Markets also monitor SPF results because they influence pricing of assets and the timing of investment. Corporations may adjust capital plans in light of anticipated demand, while lenders and investors incorporate forward expectations into credit terms and risk assessments. The SPF complements other benchmarks such as the data on inflation and unemployment and alongside market-derived expectations captured through instruments like Treasury futures and bonds. See Market expectations for a broader discussion of how professional forecasts interact with financial markets.

In research, SPF data enable analysis of the accuracy, bias, and evolution of expert forecast performance. Scholars use the series to study whether forecasters systematically over- or under- predict inflation, growth, or unemployment, and to explore how forecasts respond to policy surprises or data revisions. See Forecast error for a closer look at how prediction errors are interpreted in macroeconomics.

Controversies and debates

Like any tool rooted in expert judgment and institutional practice, the SPF invites debate about what it can and cannot tell us. Proponents emphasize that the SPF provides a transparent, diverse, and nearly real-time view of private-sector expectations, which is valuable for both policy and planning. Critics, including some from the political left and others skeptical of centralized forecasting, contend that forecasts can be biased by incentives, the composition of respondents, or the structure of models used by forecasters. From a practical standpoint, no forecast is a perfect predictor; unexpected shocks, regime changes, or policy surprises can render even well-anchored projections inaccurate in the short run.

A frequent point of contention is whether the SPF’s central tendency is sufficiently informative when the economy faces unusual conditions, such as financial crises or rapid policy pivots. In response, supporters argue that the SPF’s emphasis on dispersion and the diversity of forecasters helps reveal where opinions diverge, signaling risk and uncertainty rather than a false sense of certainty. They also note that the SPF is not a tool of policy advocacy; it is a diagnostic of expectations, which helps households and firms prepare for different plausible paths.

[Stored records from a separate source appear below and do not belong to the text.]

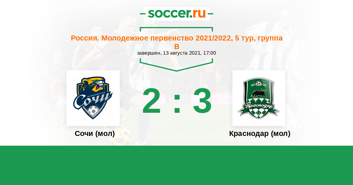 | Краснодар (мол) | 21:18 | 14:8 | 7:10 |
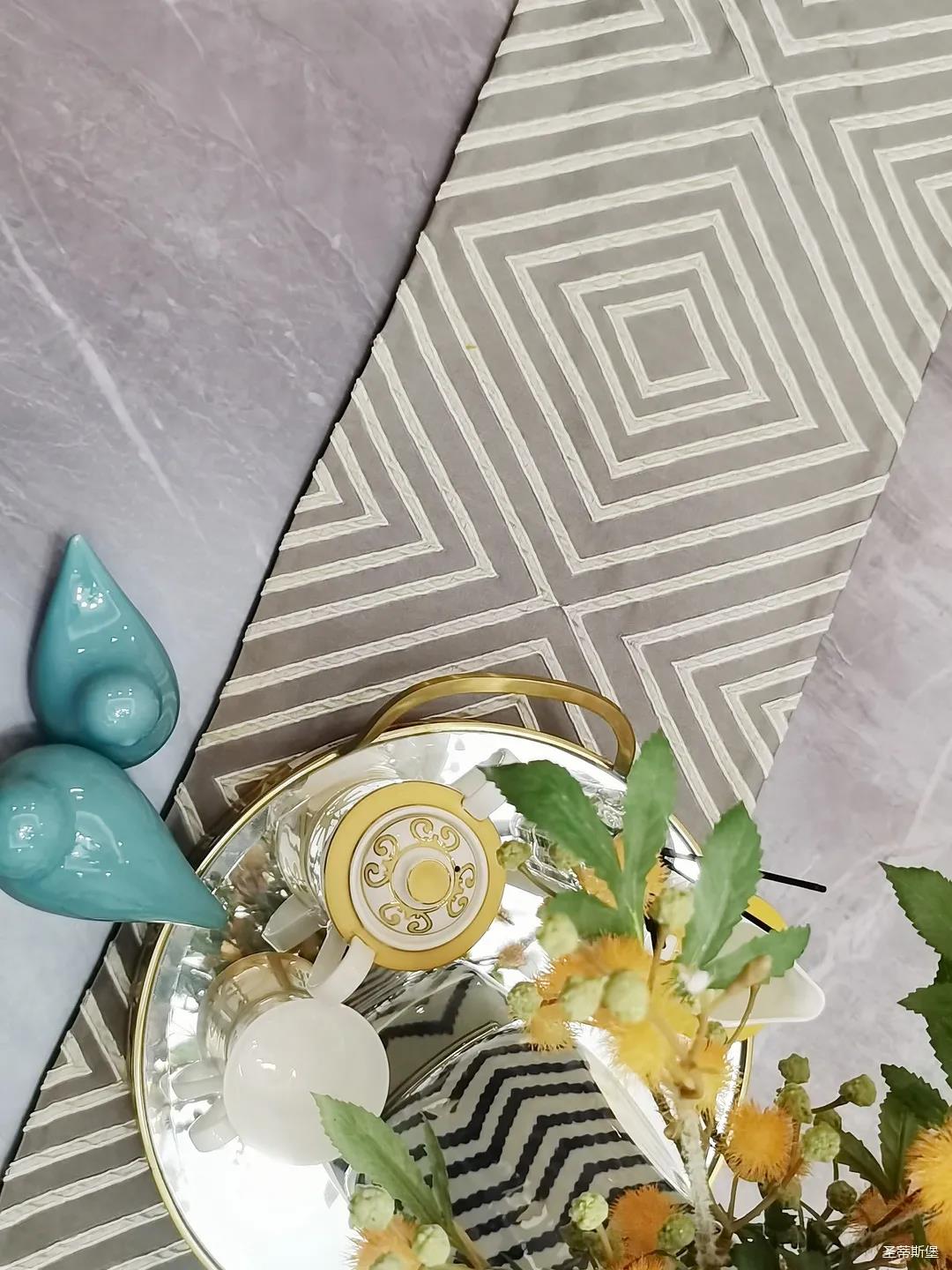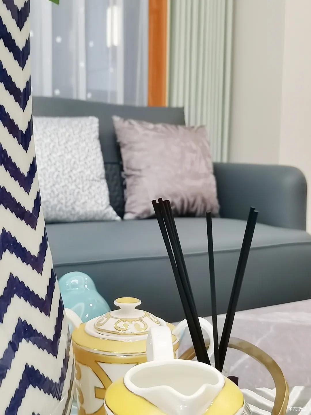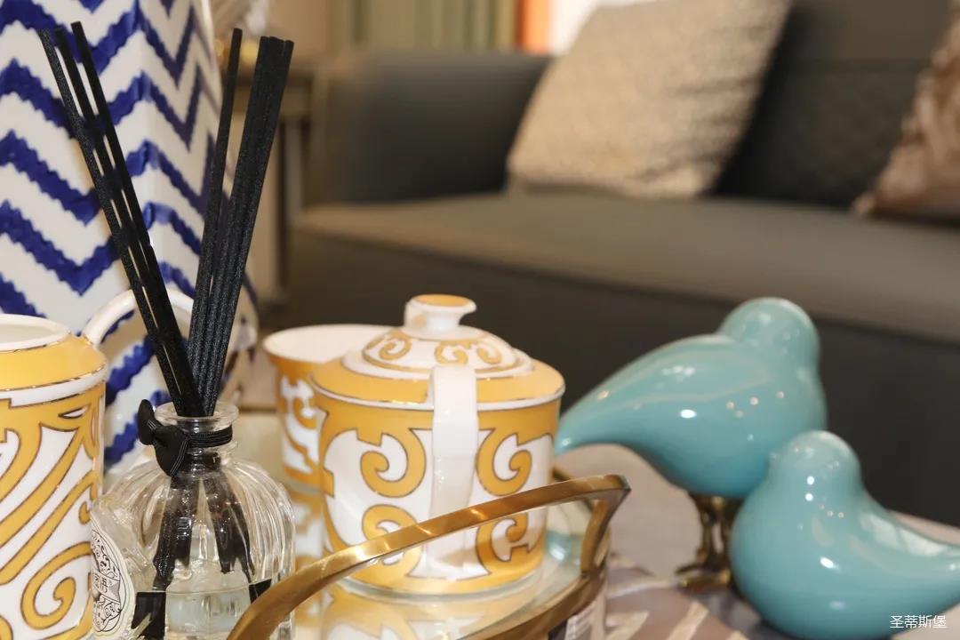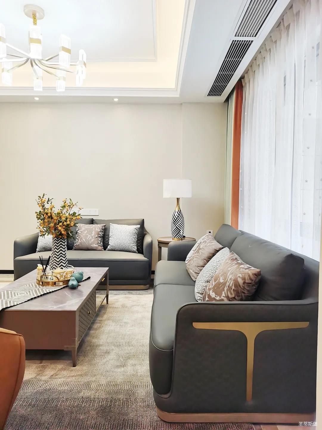 淺灰為基底的飾面與低飽和度的深色沙發(fā)相互映襯,產生強烈的視覺沖擊,深色的家具讓空間從視覺上衍生出一種縱深感。巖玻的質感與真皮編織的紋理盡顯現代之美,細節(jié)陶瓷擺件注滿了空間優(yōu)雅的藝術氛圍。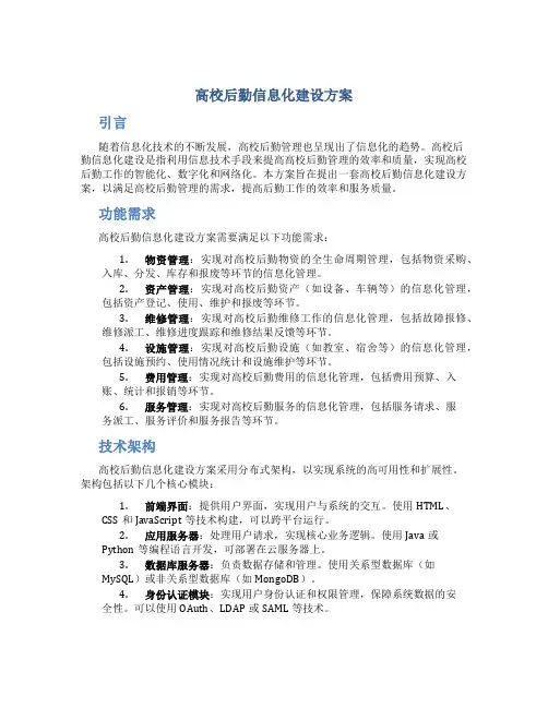 三、技术方案1. 建设信息化平台:针对高校后勤管理的复杂性和多样性,建设一个统一的信息化平台是必要的。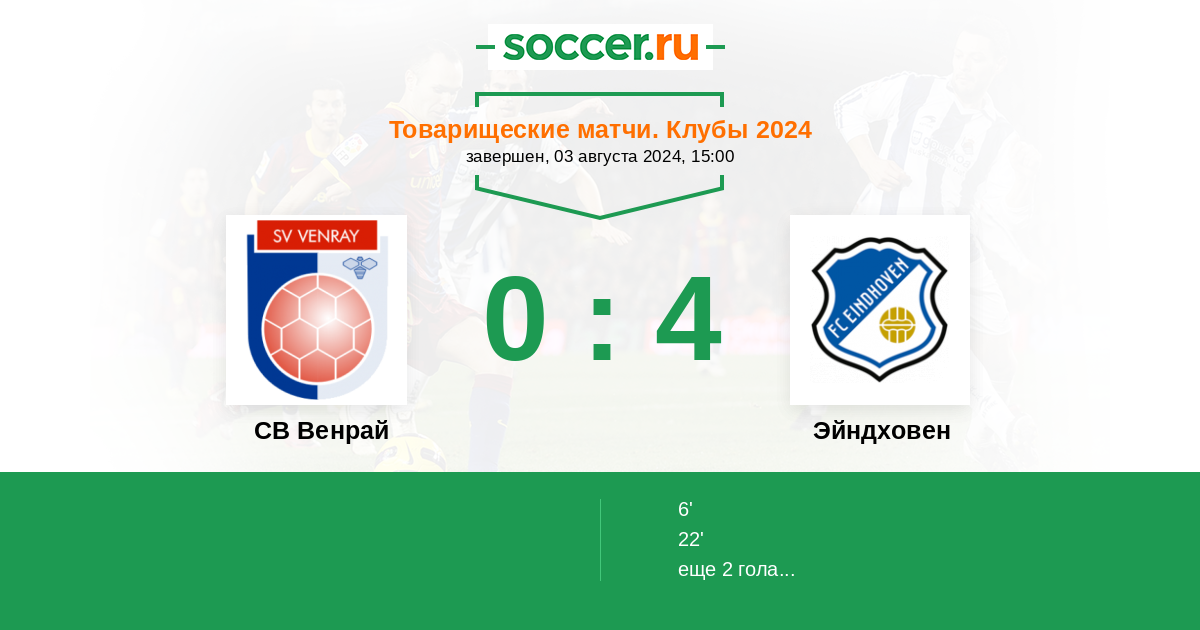 Протокол матча СВ Венрай против Эйндховен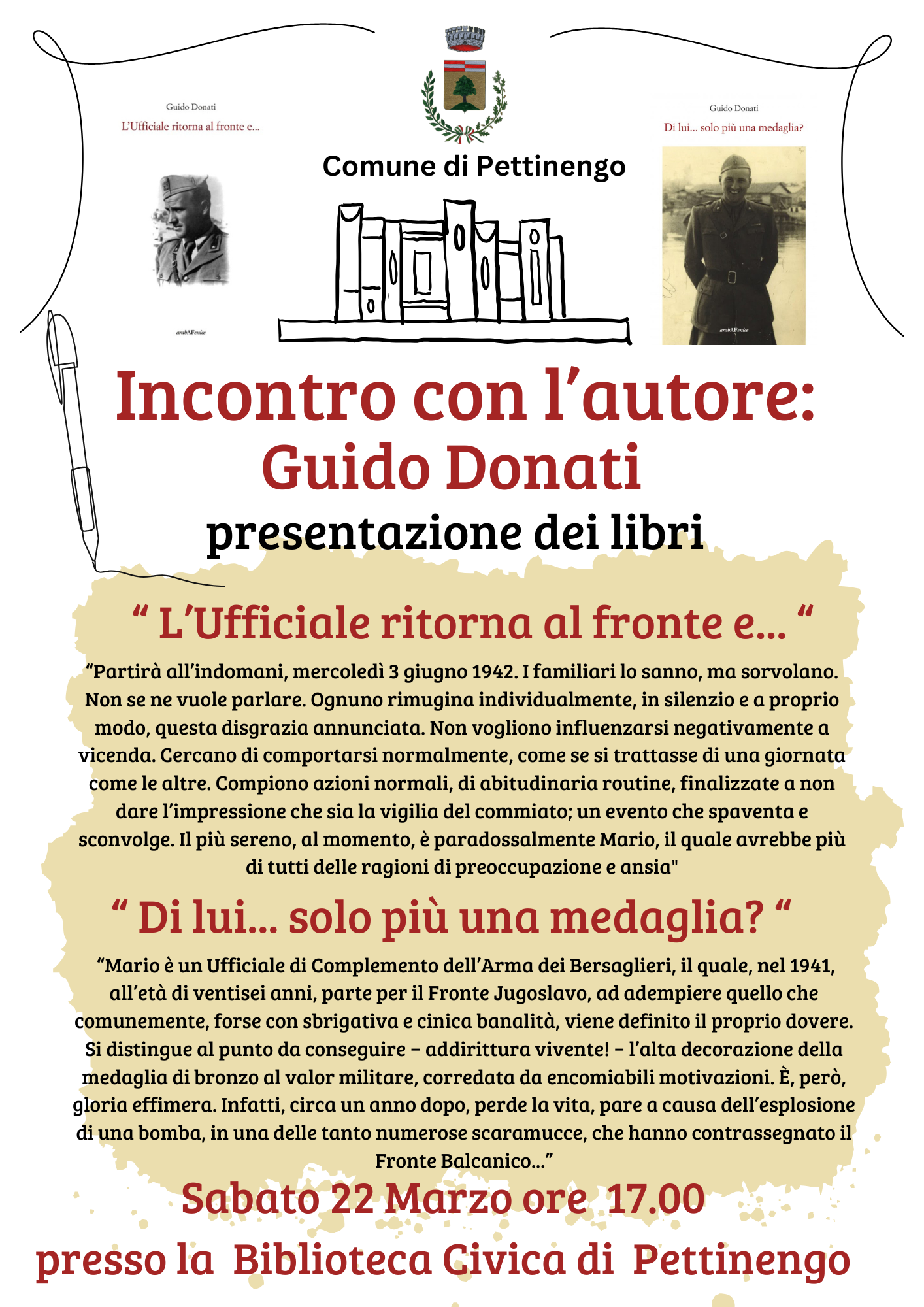Presentazione libri "L'ufficiale ritorna al fronte e..." - "Di lui... solo più una medaglia?"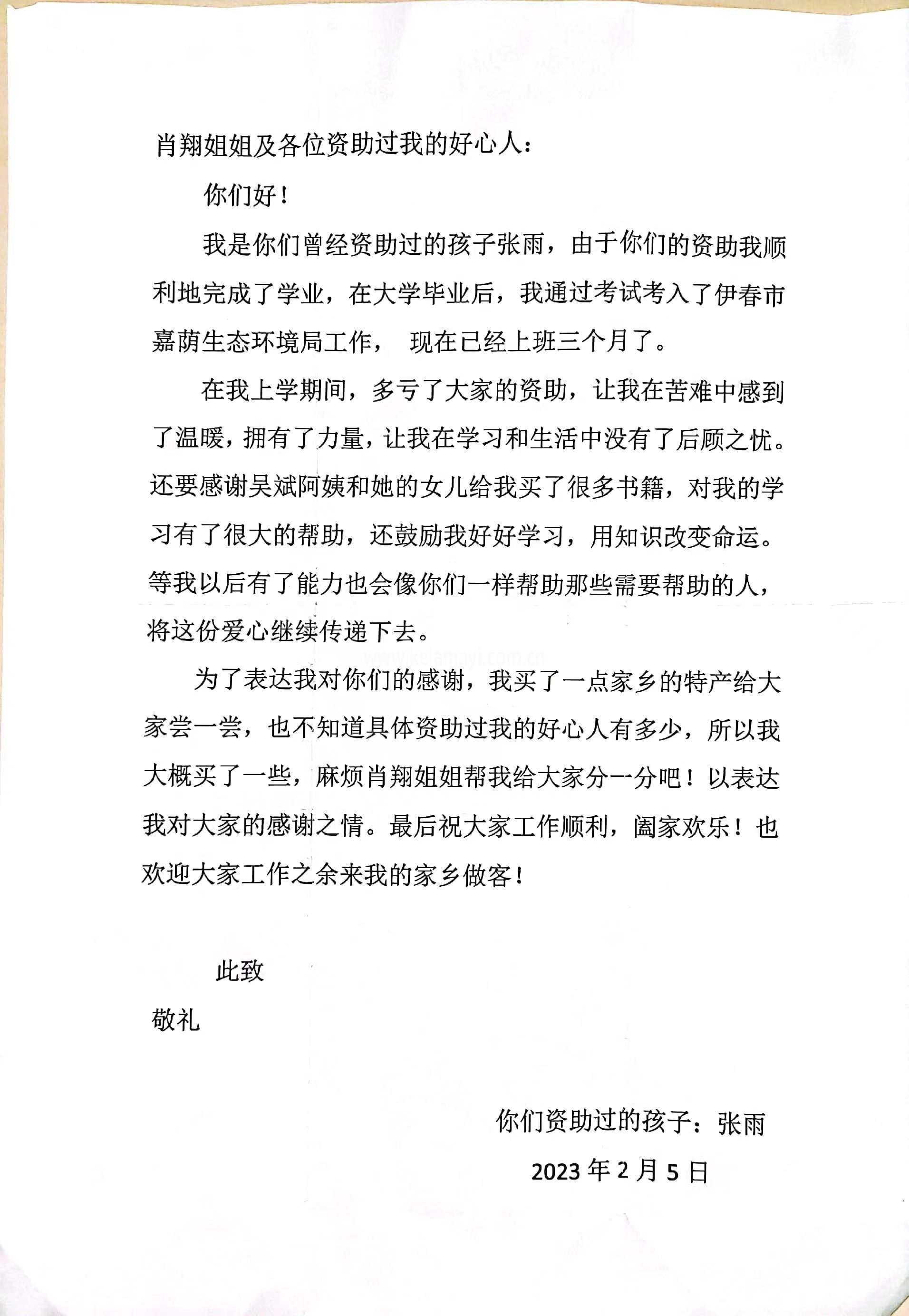 张雨带给员工们的惊喜则是一份份出色的成绩单。她很有礼貌,是个优秀的小姑娘。从小学到初中,员工们见证了她的成长,她从一个拘谨的、不太自信的孩子,成长为一名能与员工们畅谈理想、畅想未来的少女。虽远隔千里,只要看到她的文字,似乎都能看见她眼里的光。员工们先后为她邮寄了文具、书籍,期待她能有美好的未来。在义务教育阶段结束后,通过基金会的资助自动终止,当初负责与女孩们联系的员工吴滨继续给张雨邮寄书籍,并在必要的时候给予了资助。张雨考上了不错的高中,家庭环境有所改善。考虑到她繁重的学业,员工们便逐渐与她减少了联系,悄悄地退出了她的人生轨迹。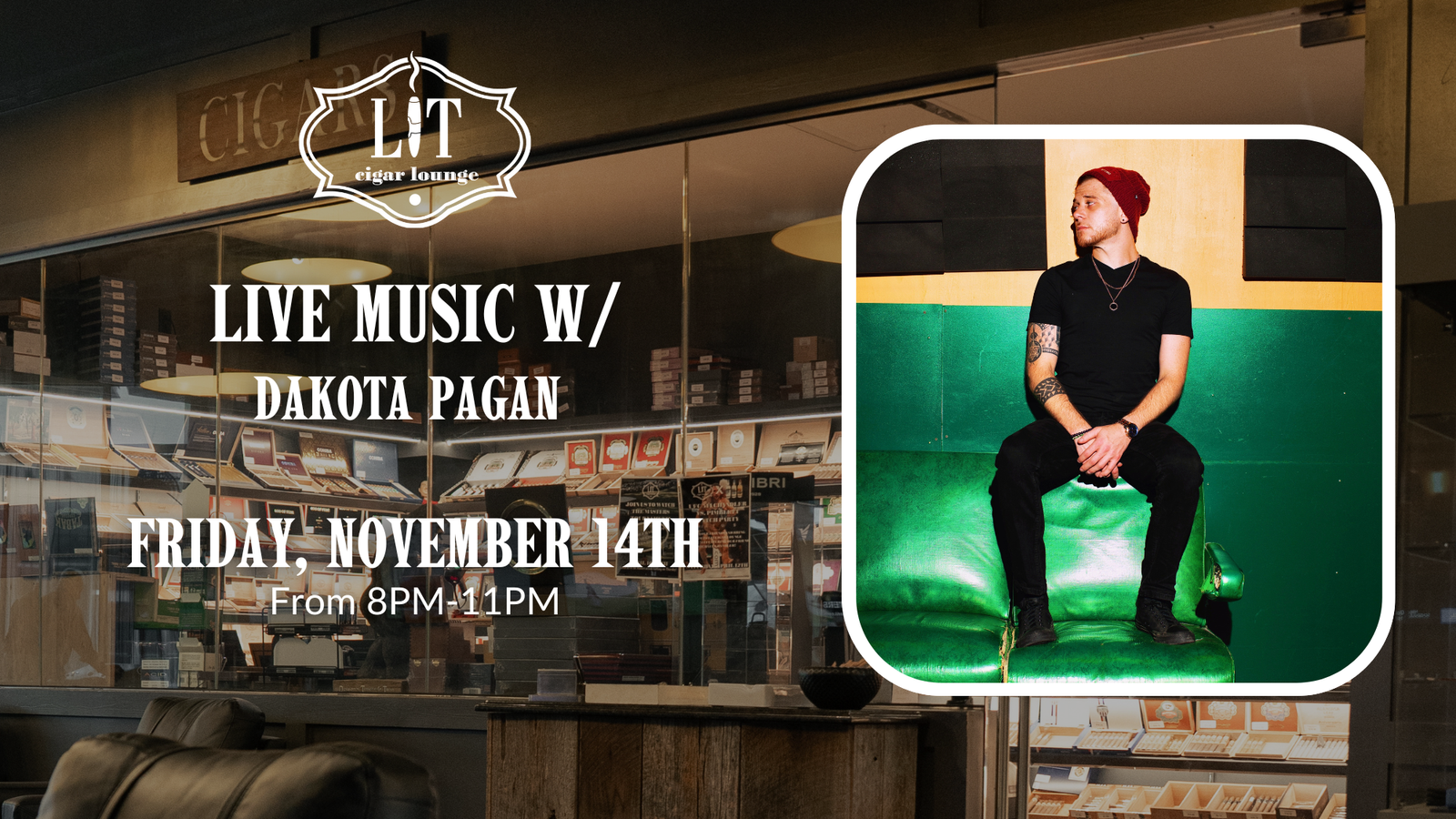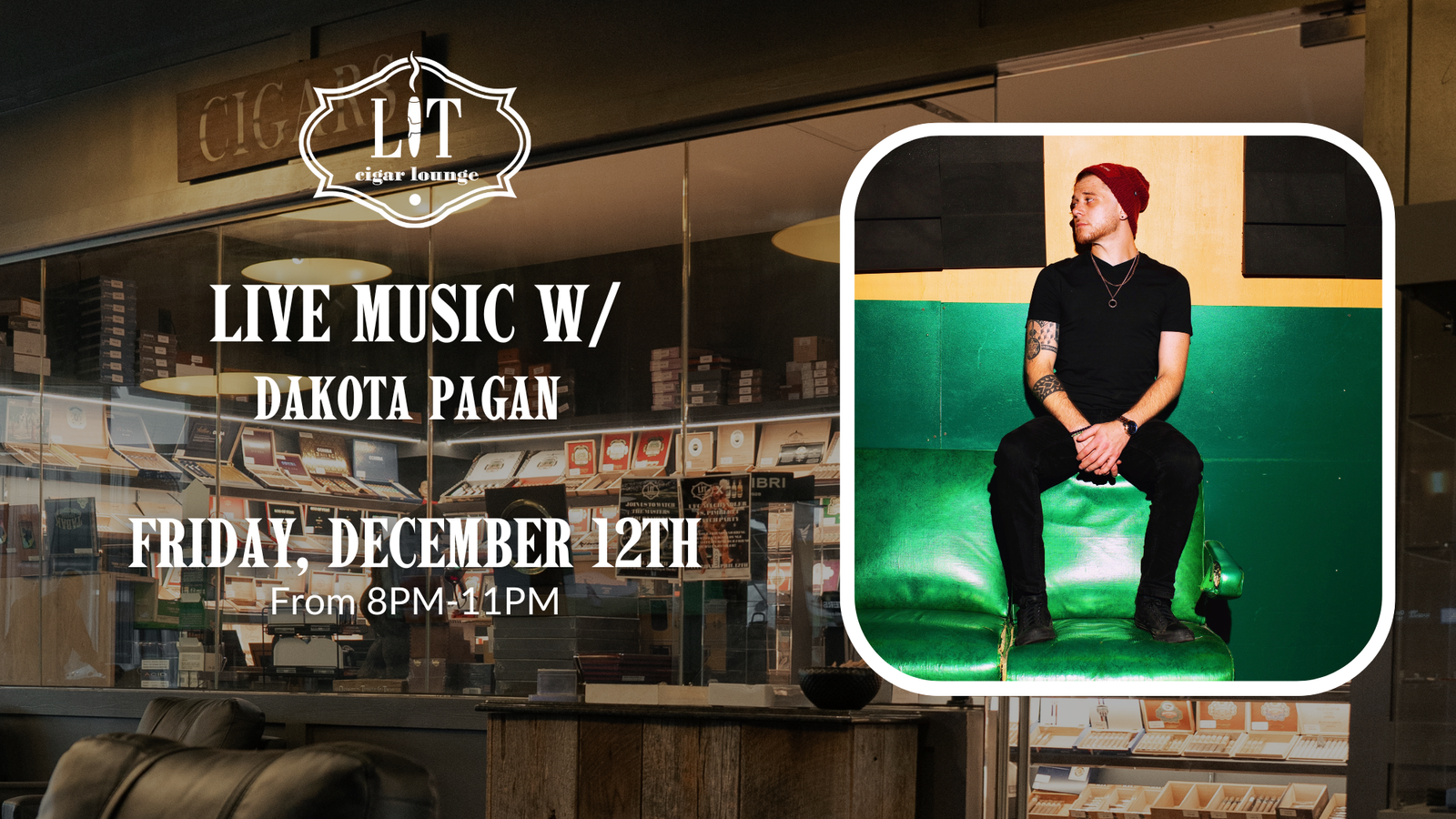 Join us for a LIT Friday Night filled with great cigars, great music, and great company. Featuring live music from Dakota Pagan from 8PM-11PM!

From a pragmatic, market-friendly perspective, some criticisms of the SPF from the political fringes revolve around the notion that forecasts reflect the interests of ellite institutions or that consensus can mask structural risks not captured by standard models. Proponents counter that the SPF’s independence, the breadth of its participants, and the publication of methods and responses reduce the likelihood of manipulation, while heightened transparency improves accountability. In this frame, some criticisms labeled as “woke” or ideologically motivated miss the point: the SPF’s value lies in its methodological openness, not in advancing any particular policy agenda. The core counterargument is that sound economic forecasting should be judged by accuracy, robustness, and the quality of the information it conveys, not by a political narrative about who should be predicting what.

Historical context and key findings

Over the decades, the SPF has tracked changes in forecasting performance, model structure, and respondent composition. Analyses of historical forecasts reveal patterns in accuracy across variables and horizons, illuminating how well professional forecasters have anticipated turning points, inflation dynamics, and labor-market developments. Readers interested in how the SPF’s track record stacks up against other forecasting approaches can compare it to model-based econometrics, market-implied expectations, and alternative survey series. See Forecast accuracy and Economic forecasting for related discussions on reliability, bias, and methodology.

The SPF’s enduring relevance rests on its ability to capture a cross-section of informed professional opinion at a moment when policy and markets rely on forward-looking signals. In times of policy experimentation or rapid change, the SPF can serve as a check on whether the private sector is pricing in the same risks and opportunities that policymakers are pursuing, or whether a divergence exists that warrants closer scrutiny.